А название училища КВВМУ так:
Когда
Выучат,
Вымучают —
Можешь
Уходить.
На выходе я был зрелым курсантом с погонами лейтенанта ВМФ, в левой руке нес чемодан со всеми накопленными пожитками, правая оставалась свободной – для отдания воинской чести, а рядом параллельным курсом семенила моя избранница на седьмом месяце беременности. Затем мы вышагивали по сопкам удаленного гарнизона подводников Северного флота СССР, и Катя – так звали мою первую жену – вот-вот должна была родить.

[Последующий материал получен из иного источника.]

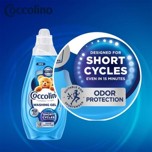 Coccolino Wonder Wash Odor Protection to innowacyjny żel do prania, stworzony specjalnie do krótkich cykli prania. Dzięki zaawansowanej technologii PRO-S, zapewnia czyste pranie już w 15 minut! Szybko działająca formuła skutecznie usuwa zabrudzenia i nieprzyjemne zapachy, pozostawiając ubrania świeże i pachnące przez długi czas. Ten wariant jest dedykowany do sportowych ubrań, zawierając formułę, która zwalcza nawet najbardziej intensywne zapachy, zapewniając długotrwałą świeżość.
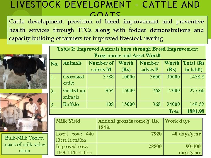 LIVESTOCK DEVELOPMENT – CATTLE AND GOATS Cattle development: provision of breed improvement and preventive health services through TTCs along with fodder demonstrations and capacity building of farmers for improved livestock rearing Table 2: Improved Animals born through Breed Improvement Programme and Asset Worth No. Animals Number of Worth Number Worth Total (Rs calves-M (Rs) calves F (Rs) in lakh) Crossbred 3788 10000 3600 30000 1458. 8 1. cattle Graded up 954 15000 768 17000 273. 66 2. animals Buffalo 408 15000 368 24000 149. 52 3. Total 1881. 98 Milk Yield Bulk-Milk Cooler, a part of milk-value chain Annual gross income@ Rs. Work days 18/lit Local cow: 440 7920 40 days/year liters/lactation Improved cow: 28800 90 -100 1600 lit/lactation days/year
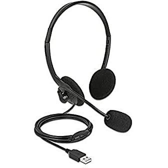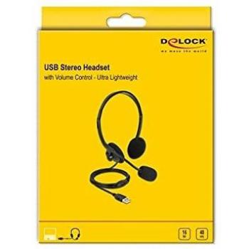 Delock Cuffia stereo USB con controllo del volume per PC e Notebook (Cablato, USB-A), Cuffie da ufficio, Nero
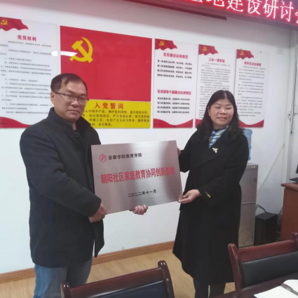 王刚经理给朝阳社区家庭教育创新基地授牌。
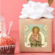 Fonte da imagem (RLS 03): Imagem antiga em cromolithografia com acentos de marrãs de Ruas. Bartolomeu o Apóstolo de Santos de Letras Vermelhas: Ser uma Série de Biografias dos Santos para os quais Coletas, Epistolas e Evangelhos Adequados são nomeados no Livro de Orações Comuns. Impresso por E. Kaufmann, Lahr, Baden, Alemanha, para a Sociedade para a Promoção do Conhecimento Cristão / S.P.C.K. (Londres, 1911), p. 55. Da biblioteca privada do designer. + Banquete: 24 de agosto + Texto está em vermelho-escuro (# 460000) que corresponde ao contorno da figura.
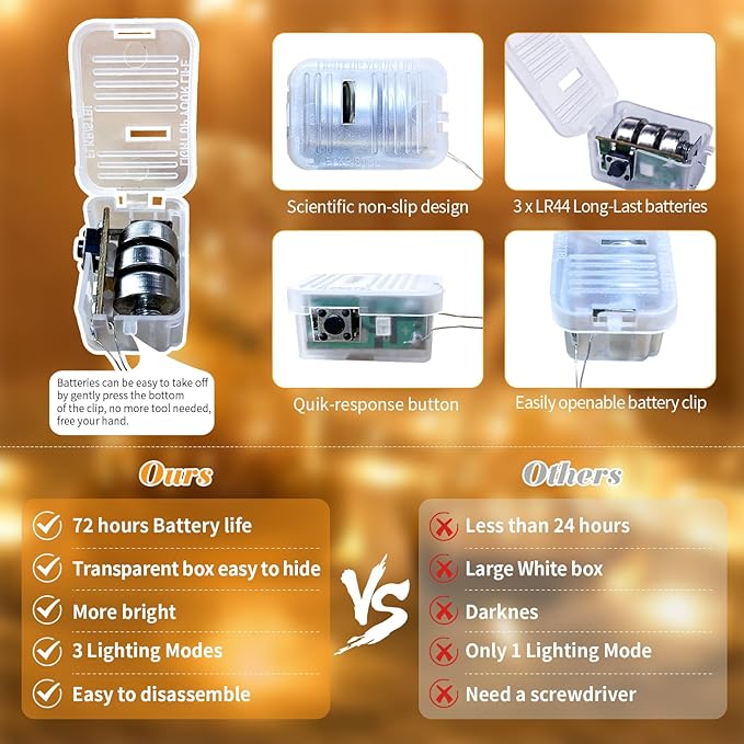 - UPGRADED DESIGH AND EASY TO REPLACE: The fairy lights' newest clear and small battery box is 0.78*1.3 inches in size, very easy to hide into all your DIY projects. The upgraded battery pack has scientific non-slip design on both sides, which makes it feel comfortable and easy to catch. Batteries are also very easy to take off, no more screwdriver needed, just gently press the bottom of the clip to open, free your hand
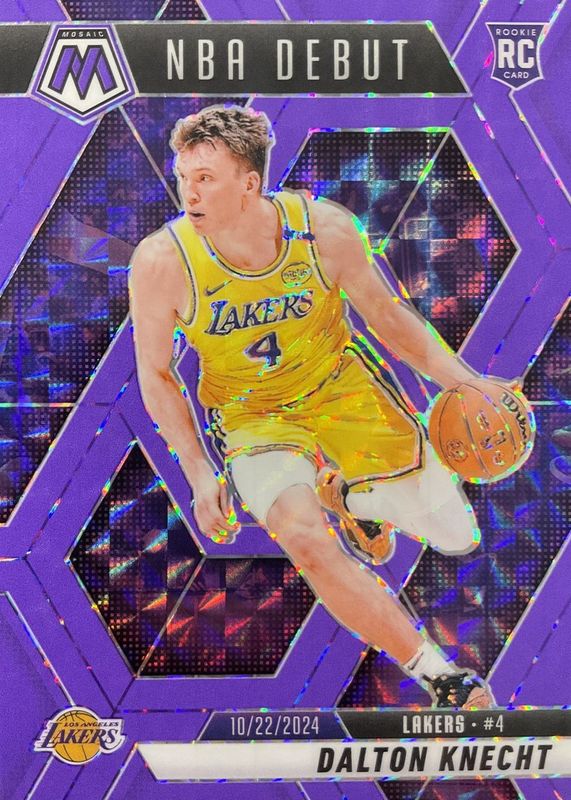 2024-25 Mosaic Dalton Knecht FLUORESCENT PURPLE NBA DEBUT #'d /249 Lakers RC
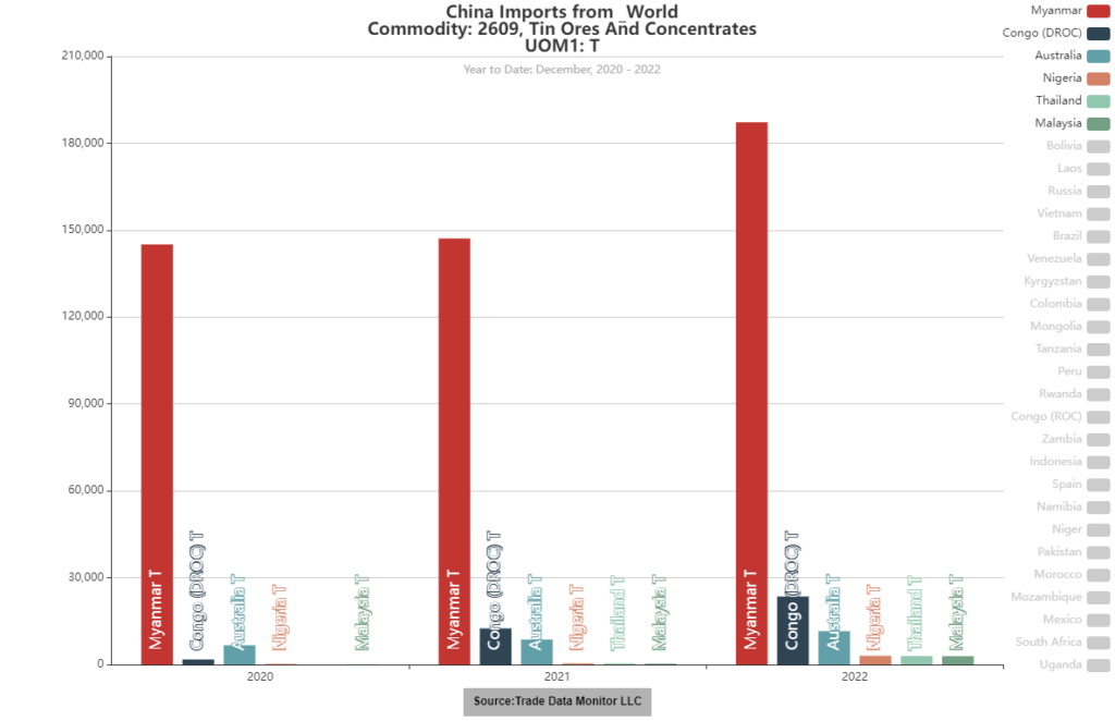 The International Tin Association (ITA) estimates Wa State represents about 10% of the world’s tin concentrate supply and that China accounted for about 47% or 181,000 tonnes of tin consumption last year of which 47,700 tonnes, or 26%, came from Myanmar.

Это случилось, но уже без меня. Когда я вернулся из автономки, сыну было полгода. Когда вернулся со второй – он уже бегал. А когда вернулся с третьей, сын спросил: „Мама, а что это за дядя к нам пришел?“ Жена ответила: „Это, Коленька, твой папа“, на что Коленька задал второй вопрос: „А дядя Витя тогда кто?“
Со своей второй женой я познакомился в доме отдыха КЧФ. Да-да, в том, что в Ялте, являющемся филиалом военного санатория „Ялта“. В народе его еще неофициально кличут публичным домом ВМФ. Не знаю, как сейчас, но тогда, в середине семидесятых годов, он был настолько обветшалым и убогим, что моряки, проживавшие в восьми – десятиместных палатах, то ли с горя, то ли от скуки, искали себе всяческие приключения и… находили. Нашел себе и я – вторую законную жену. Назовем ее Наташей – через год мы разошлись, как в море корабли.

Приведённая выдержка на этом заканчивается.